# Cannabis for IBS



## randomguy (Feb 23, 2011)

Just had another debilitating spell of IBS-C and is causing me to continue to seek alternative approaches to managing this horrific condition.

I've never been a marijuana user, however the logic behind THC and pain receptors makes sense to me. That being said, I've read mixed reviews on how the drug can interact with motility. Some articles claimed an increase, some a decrease.

http://drmarijuananj.com/nj-medical-marijuana-research/medical-marijuana-and-irritable-bowel-syndrome-ibs/

Has anyone tried cannabis for 1. Pain and discomfort of bowels and 2. Impaired motility, lack of appetite, nausea?

At this point I'm ready to try to see if it would have a positive impact.
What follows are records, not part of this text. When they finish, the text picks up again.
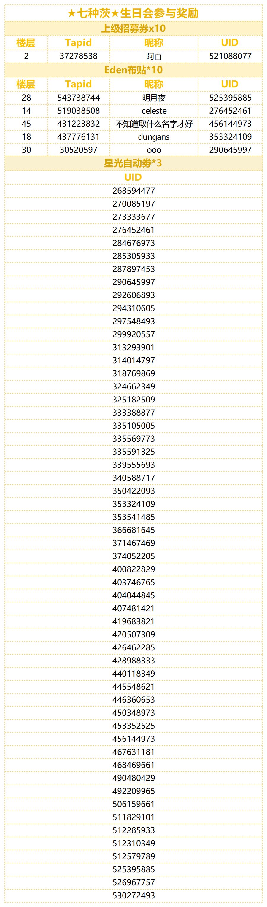 制作人们久等啦,让我们恭喜以下幸运的制作人们!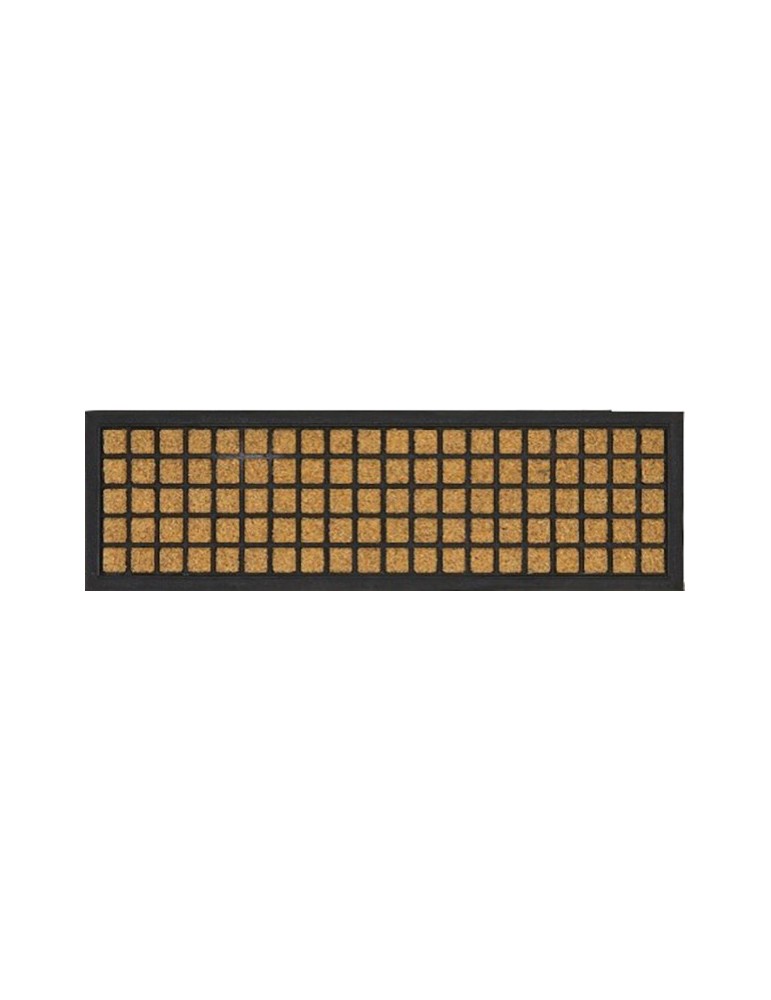 Polipropileno moldeado sobre base de goma. Limpia y absorbe la humedad. Imitación coco. 25 x 75 cm.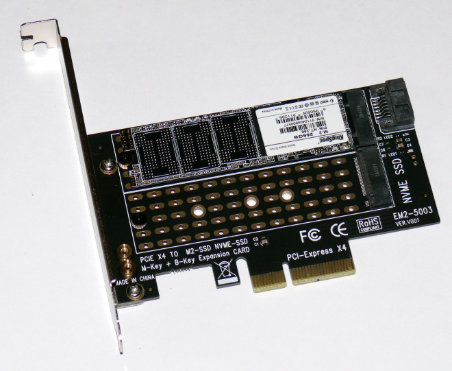 Хотя в случае SATA от PCI-E нужно только электричество, поскольку кабель для данных никто не отменял. Решил купить подобный комплект для моего домашнего сервера, чтобы использовать его в качестве системного накопителя. Именно для этого мне и нужен был интерфейс SATA, а не NVMe. Накопитель (в апреле 2021 года) обошелся в 2473 рубля, а переходник стоил 355 (итого 2828 руб).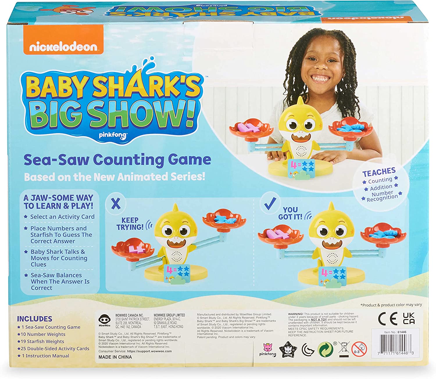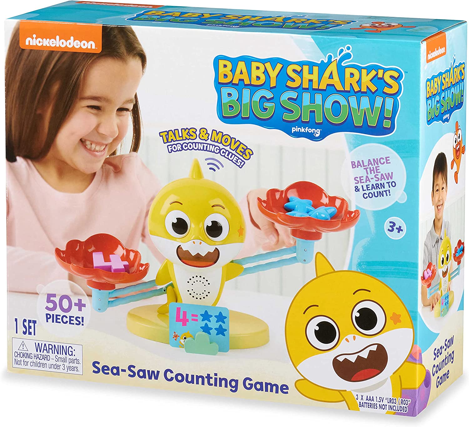 Balance the sea-saw and learn to count with Baby Shark! Based on Nickelodeon’s animated preschool series, Baby Shark’s Big Show!, the Sea-Saw Counting Game is a fun and interactive way for little ones to learn basic math. Kids select an activity card with a beginner, intermediate or advanced sea-saw counting challenge. To solve the challenge, they have to place number weights and starfish weights on both sides of the sea-saw according to the pictures on the card. As weights are added, Baby Shark talks and moves for counting clues. When they arrive at the correct answer, the sea-saw balances and Baby Shark says different encouraging reactions and expressions. The Sea-Saw Counting Game provides a jaw-some way to learn and play and teaches counting, addition, and number recognition. This educational toy features 50+ pieces, including an interactive Baby Shark sea-saw, 10 number weights, 19 starfish weights and 25 double-sided activity cards. For boys and girls ages 3 and older.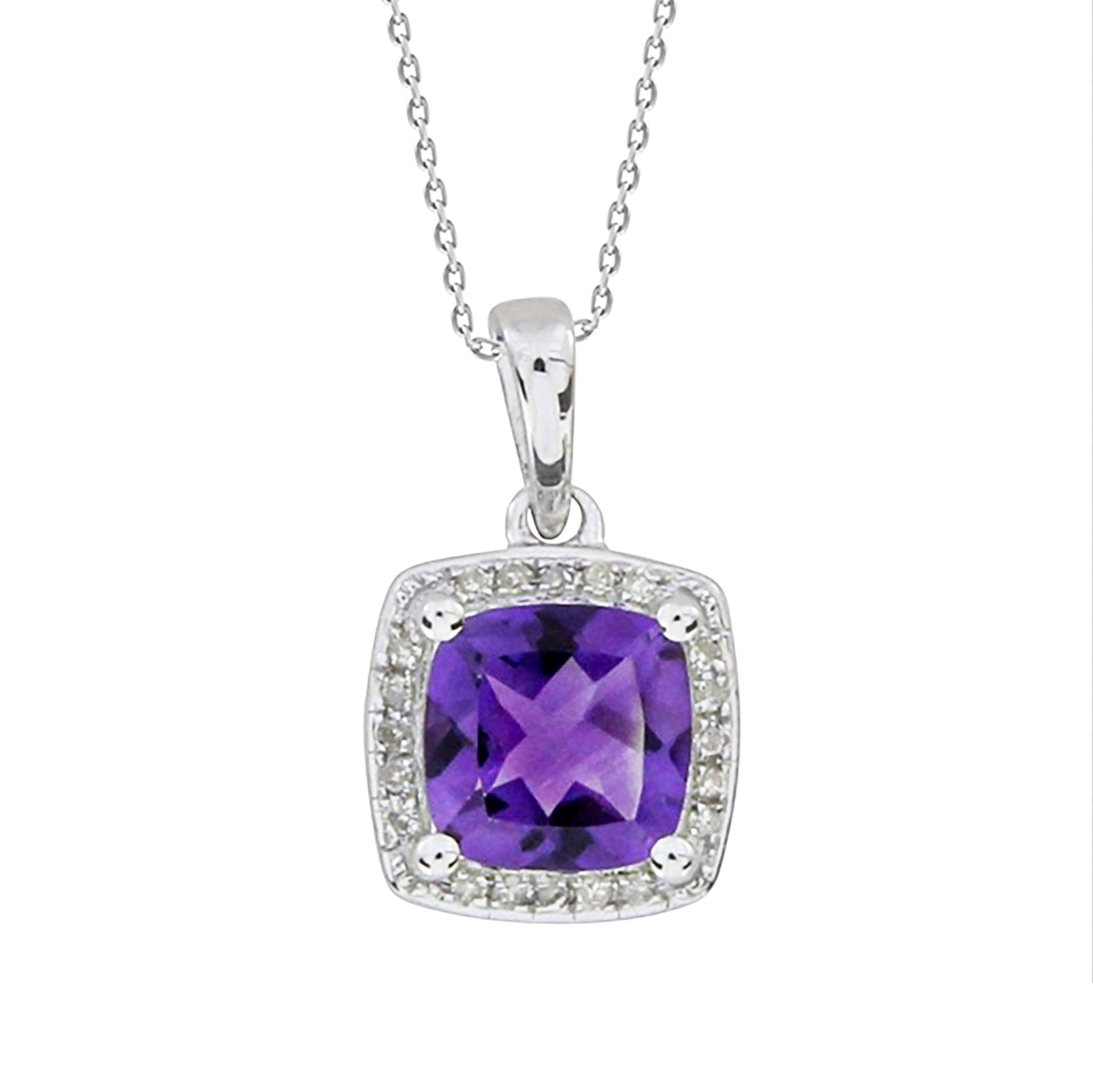 Lykka Elegance ametist diamanthänge i en unik nyans utstrålar vintageanda och värdighet. Det vackra hänget har en slående lila ametist i centrum, omgiven av 20 klara diamanter. Diamanterna har en totalvikt på 0,05ct och är graderade Wesselton/SI. Material 9 karat vitguld och storlek 8,2 mm. I setet ingår även ett par örhängen och en ring. Köp hela setet på en gång eller hämta ut var för sig.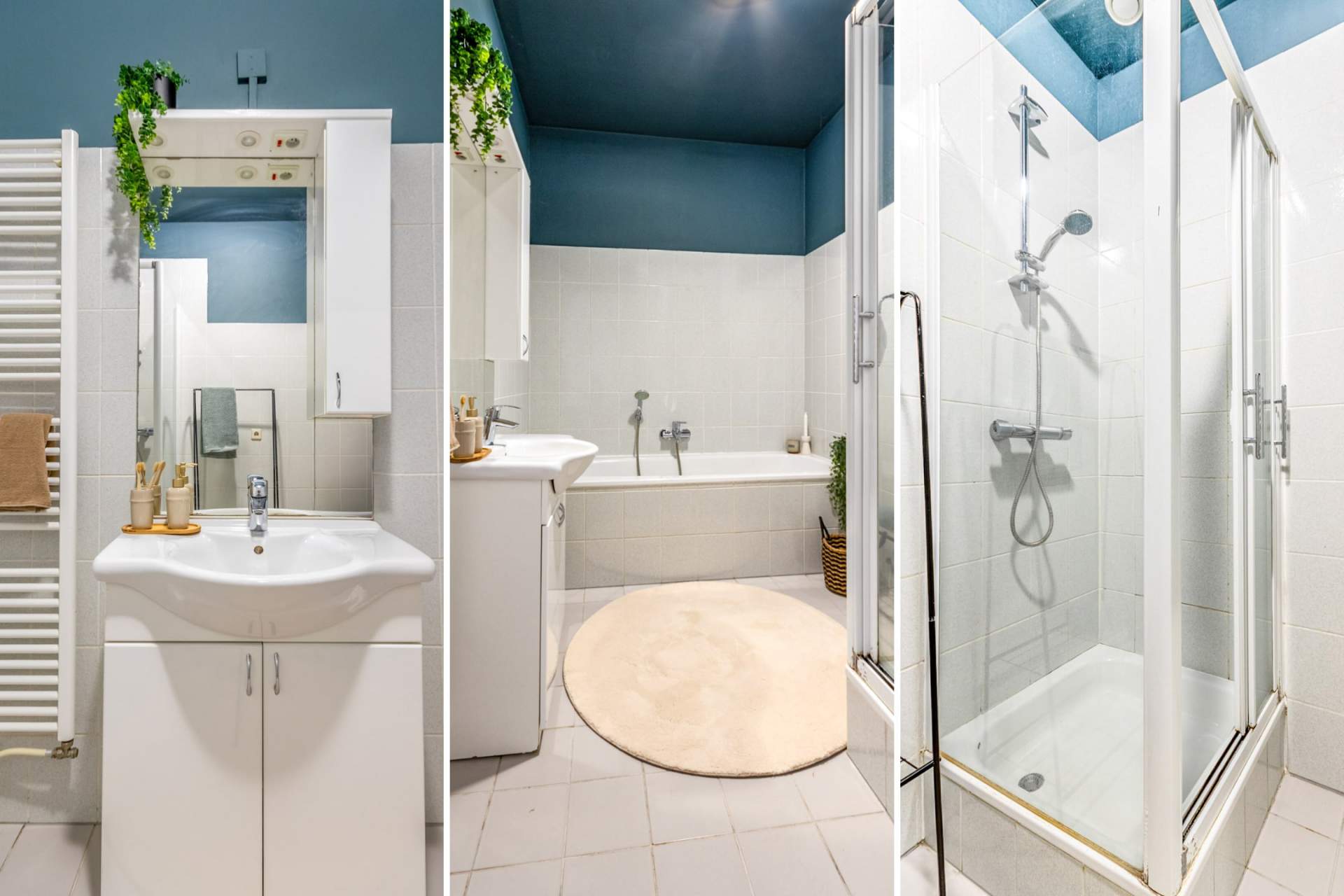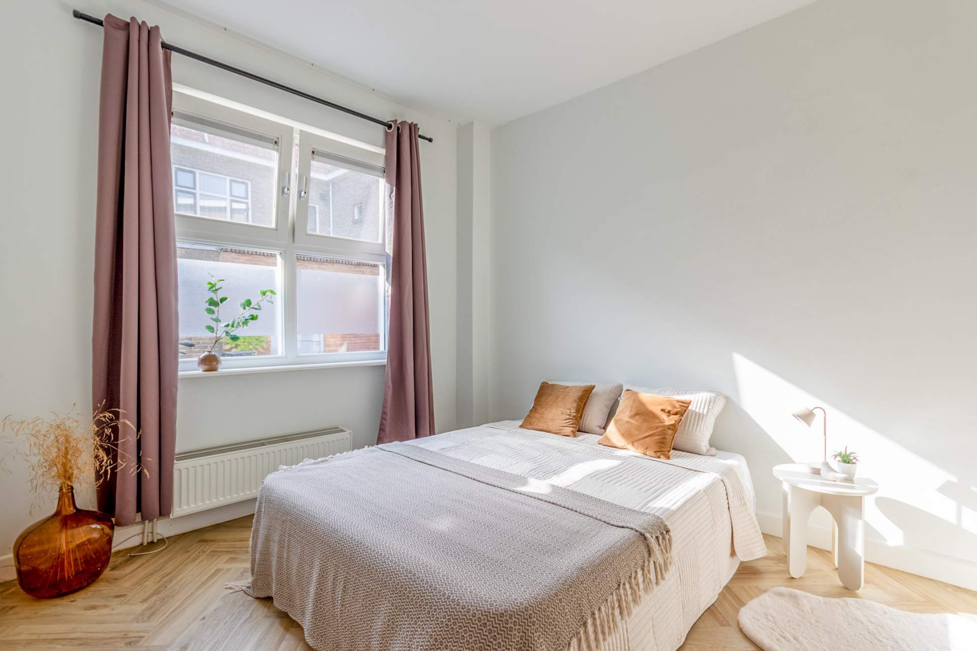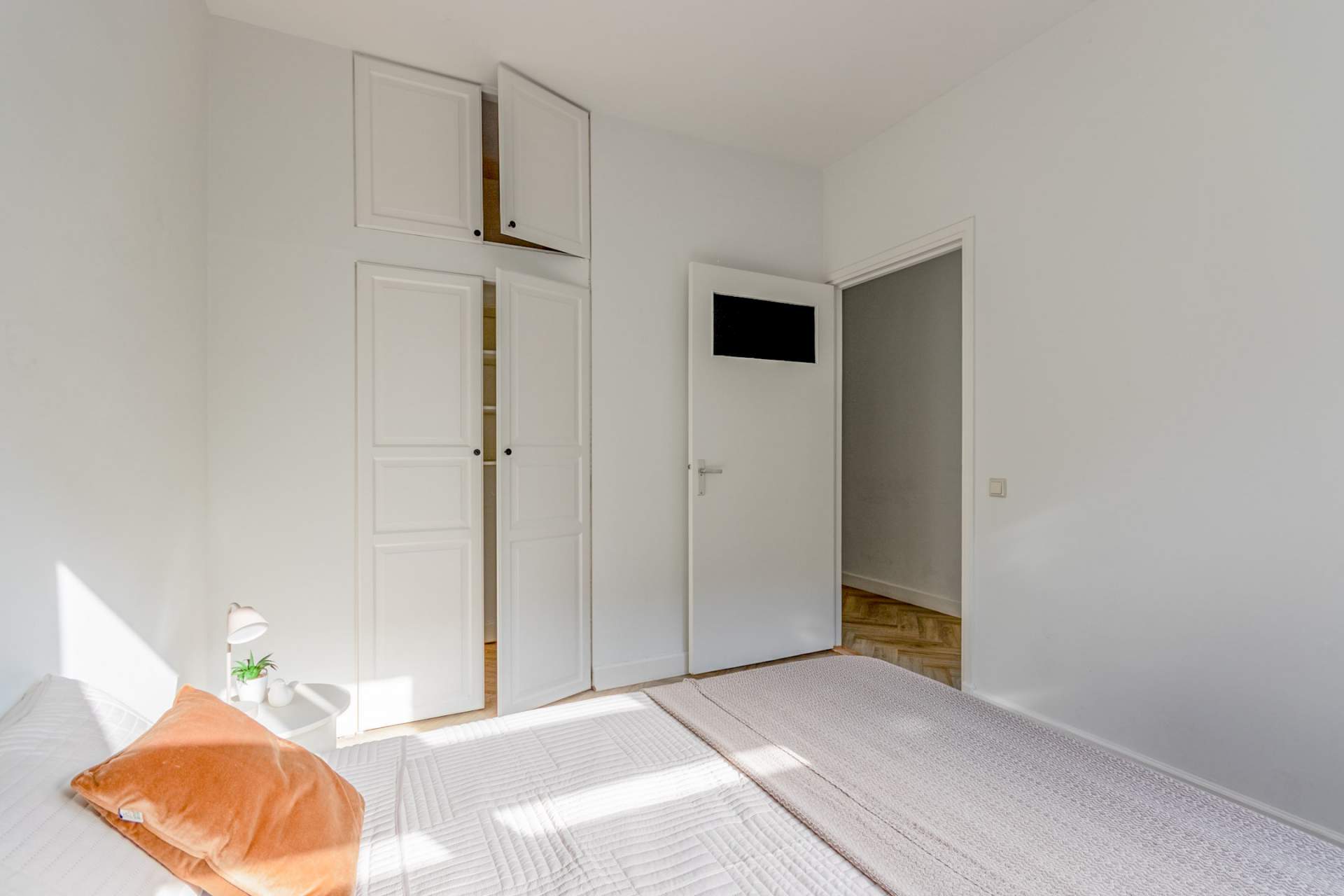 De ruime slaapkamer ligt aan de rustige zijde van de woning. De badkamer is ruim en voorzien van ligbad, douchecabine, wastafel met meubel, aansluitingen voor wasmachine en droger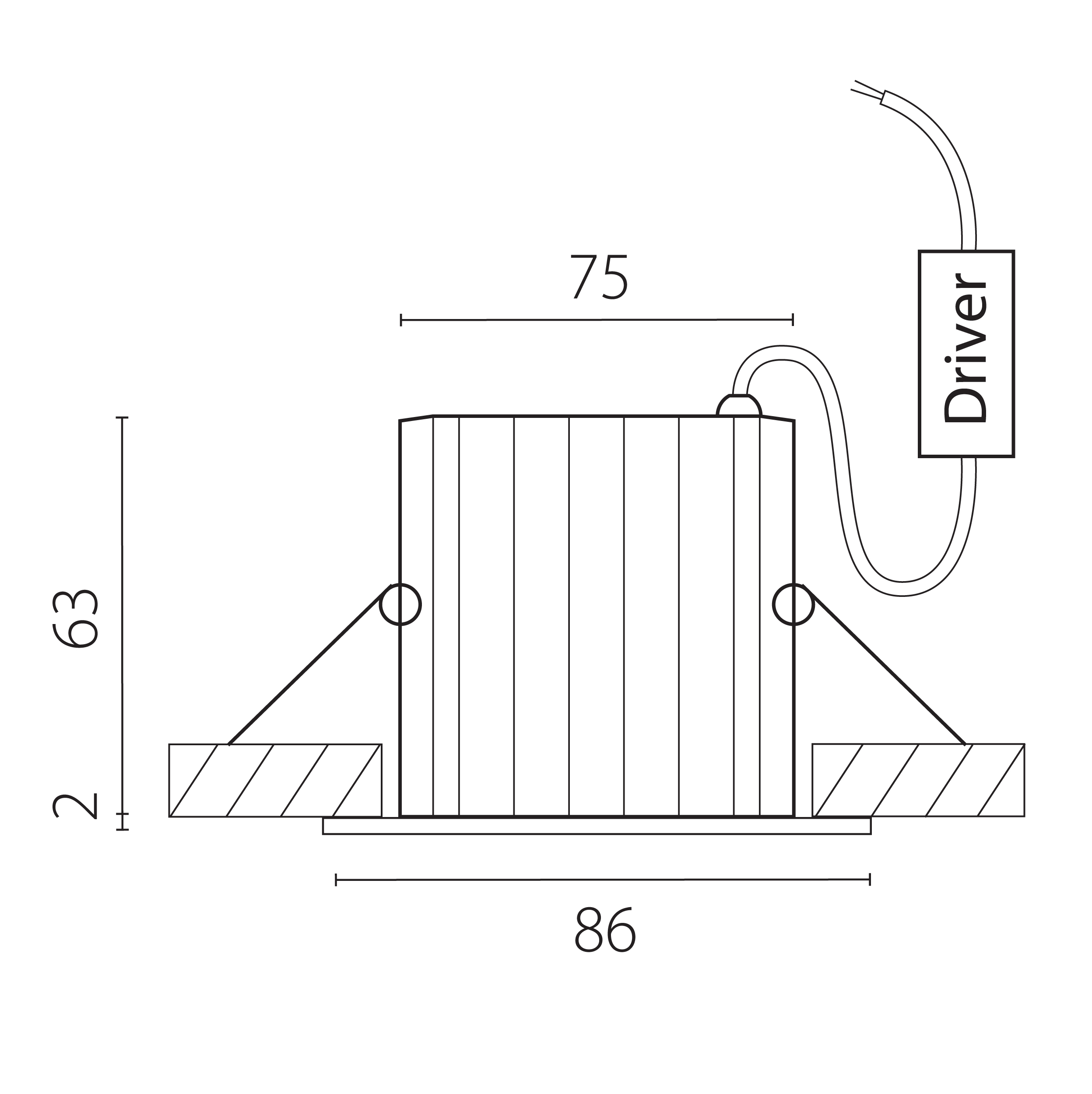 - Глубина (высота) основания (отверстия встройки) (h), мм

If so, I would invest in a vaporizer to avoid inhaling carcinogens and potentially approach the doc about options.


----------



## rudibear (Jul 28, 2012)

I've been looking into it too. Mainly for motility issues. Have been told vaporizing is best, but wonder about eating it if I want to directly effect the bowels. Am finding information is rather scarce.


----------



## sickOFitALL (Jul 8, 2013)

I started smoking it about 2 months ago and i find it helps humungously.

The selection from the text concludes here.